The "Blurry Code Stage" is a turning point; you have done the right thing by making a lot of code follow the same pattern, but at the same time the pattern repeats time and time again which means you can consolidate the code.   Consolidating means deleting code, and "If you are deleting code you are doing something right".  You should strive to get your code to the "Blurry Code Stage" and then strive to remove as much code as possible.

The above example in our code probably winds up being about 100 lines in total (no, I am not going to go check the code and count the lines!).  We have 5 sites.  That means there are about 500 lines when there only needs to be about 100 (that will actually go up a bit because you probably need to introduce some variables and probably some additional logic, so lets' say 125 lines instead of 500).

If you are lucky you will notice after the 3rd one that the code is similar and you should refactor it.  For example, I caught it after the 2nd one and managed to move all of the database code into one place.  That meant that the other three requests automagically had the database code work with no further effort on my part.  I noticed that the website request was the same after the 4th one and took about 120 lines of code.

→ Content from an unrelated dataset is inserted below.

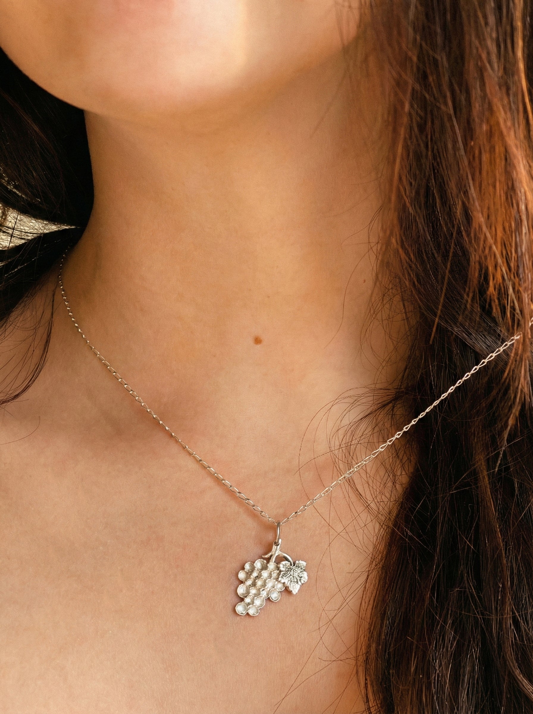This grape cluster pendant is a beautiful study in texture and shape. It carries an earthy, vintage charm that feels like a summer afternoon in a sun-drenched vineyard preserved in silver.
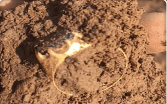 Thấy có thứ phát sáng dưới cát, người đàn ông vì tò mò nên đã quyết định nhặt lên xem.

Last night I noticed that I really have two ways of parsing the JSON data.  I also noticed that I didn't write the code the same way, so I really have three different ways of writing it (and in reality there are four ways I have written that code).  Grrrrrrr!  So how to fix it?  First up - parse the JSON data the same way.  That will get me down to three ways.  Next is to get three ways down to two... which will involve adding some new methods, some of which will do nothing (if they do nothing why add them?!, keep reading, I'll get to it).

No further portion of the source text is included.